A multivariate approach to the identification of surrogate parameters for heavy metals in stormwater
Resumo:
Stormwater is a potential and readily available alternative source for potable water in urban areas. However, its direct use is severely constrained by the presence of toxic pollutants, such as heavy metals (HMs). The presence of HMs in stormwater is of concern because of their chronic toxicity and persistent nature. In addition to human health impacts, metals can contribute to adverse ecosystem health impact on receiving waters. Therefore, the ability to predict the levels of HMs in stormwater is crucial for monitoring stormwater quality and for the design of effective treatment systems. Unfortunately, the current laboratory methods for determining HM concentrations are resource intensive and time consuming.
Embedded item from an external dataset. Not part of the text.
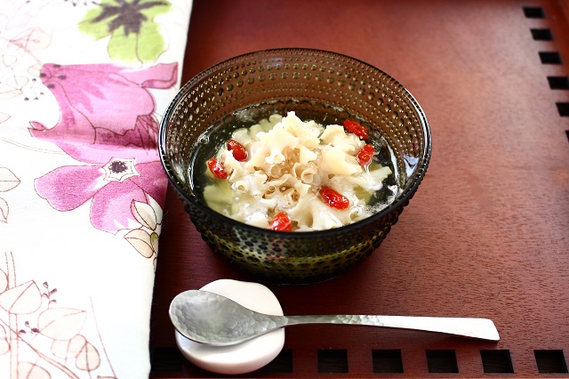 おすすめは、水に砂糖を混ぜ入れて煮立て、生のハナビラタケをさっと煮るだけのシロップ煮。少量からでも簡単に作れて、煮汁ごと冷やしておくと、餡子や白玉団子と和風スイーツにしてみたり、タピオカやクコの実などと合わせてアジアンスイーツ風にしたりといろいろ楽しむことができます。

In this paper, applications of multivariate data analysis techniques are presented to identify potential surrogate parameters which can be used to determine HM concentrations in stormwater. Accordingly, partial least squares was applied to identify a suite of physicochemical parameters which can serve as indicators of HMs. Datasets having varied characteristics, such as land use and particle size distribution of solids, were analyzed to validate the efficacy of the influencing parameters. Iron, manganese, total organic carbon, and inorganic carbon were identified as the predominant parameters that correlate with the HM concentrations. The practical extension of the study outcomes to urban stormwater management is also discussed.